No reception of President Roosevelt in Washington equalled this one in all of the elements of human interest. Men and women whom he had not seen in many years came in droves, and his delight in meeting them was genuine and spontaneous. Mrs. Roosevelt at his side shared his pleasure. Did she turn to speak to one of her receiving party for a minute, she was at once recalled enthusiastically to meet some old acquaintance. Once everyone’s attention was centred upon a smallish unpretentious individual, who was greeted thus: “Bless my soul, it’s Jake!” and Jake, red of face, beaming with joy, was dumb with delight. In one of the short lulls, the President told some of the porch party of Jake:

“When I was like Ted,” indicating his eldest son, “I roamed these woods and swamps during holidays and week ends, hunting and fishing. My father engaged Jake as a sort of guide and guardian, to see that I did not get lost or hurt, and that I turned up at home on schedule. Jake and I and the boys who went along had many good times. He used to make us the most delicious ‘Squawk Pie.’ Delicious on a cold day around a camp fire, when you are a boy, tired and hungry! Of course, you don’t know what ‘Squawk Pie’ is!—made out of young, tender swamp herons—regular hunters’ pie—bully!” He laughed reminiscently, glanced out to the side of the house, where Jake was already surrounded by his three younger boys, and resumed his place.

A few seconds later, the whole line was stopped while he and Mrs. Roosevelt greeted two elderly women, one of whom had been his nurse and had brought with her a picture of him when he was five years old. Such a warm, friendly greeting as those two received! They were repaid for the journey of several hundred miles made to bring this little reminder of his childhood. They were taken back into the house and treated with that delightful democratic courtesy so characteristic of this family.

A group of Hungarians brought a beautiful hand-wrought lamp, which, after it had been examined, they were allowed to present to the President.

For three hours, this moving pageant of humanity, beaming with pleasure and admiration and frankly curious of the man himself, filed past him. To each and every one was given that individualistic greeting that was one of his many claims to popularity. As the visitors left the other side of the porch, they were served with raspberry shrub, each person being presented with the little crystal punch cup from which he drank and on which were written the words, “Theodore Roosevelt, 1902.”

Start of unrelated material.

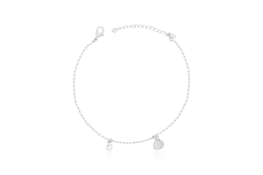 TORNOZELEIRA BANHADA EM PRATA LEVE, ELO CARTIER 3x1,50mm, 22cm COMPRIMENTO, EXTENSOR 5cm, CONCHA E PONTO DE LUZ

The next day, Sunday, everyone in Oyster Bay went to church and gathered about the little church attended by the President. From dawn, police and Secret Service men had been scouring the vicinity for the pair of strangers, alleged anarchists, who had appeared in the town the day before. The air was tense with expectancy and dread. The Roosevelt pew was occupied by the President and his wife and part of their family. As the sermon progressed and lost some of the pathos of its memorial to Mr. McKinley in its tribute to the new ruler, likened to “a young David raised to lead his people,” the President’s countenance flushed with displeasure. His wife’s hand upon his arm restrained any budding impulse to rise or leave.

When the congregation knelt to pray, those seated in the rear of the Roosevelt pew enjoyed the reassuring and edifying spectacle of a formidable revolver protruding from the hip pocket of the Chief Executive.

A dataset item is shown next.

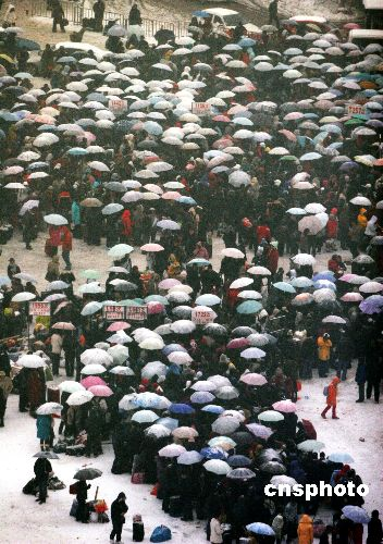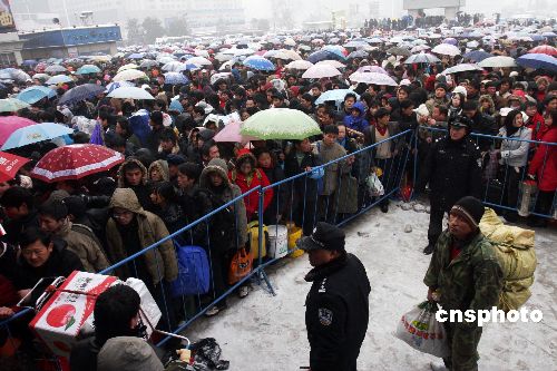 1月28日,漢口火車站廣場上客流爆滿,檢票進站口乘客們在雪中艱難前移。武漢市連日來的強降雪給交通帶來極大不便,火車站因列車晚點、停發(fā),滯留了大量的旅客。中新社發(fā) 攝記 攝

A trip to Chattanooga will never be forgotten by some of the army officers and other members of the party, who failed in keeping up, either riding or walking, with their athletic, enthusiastic leader, to whom fatigue seemed an unknown sensation.

The next scheduled trip was to Omaha, Nebr., but it ended at Indianapolis, as the President was there forced to undergo an operation of bone scraping as the result of the injury to his leg in the Pittsfield accident of the late summer. While not alarming, the operation carried an element of danger that kept the nation on the qui vive until complete convalescence was assured.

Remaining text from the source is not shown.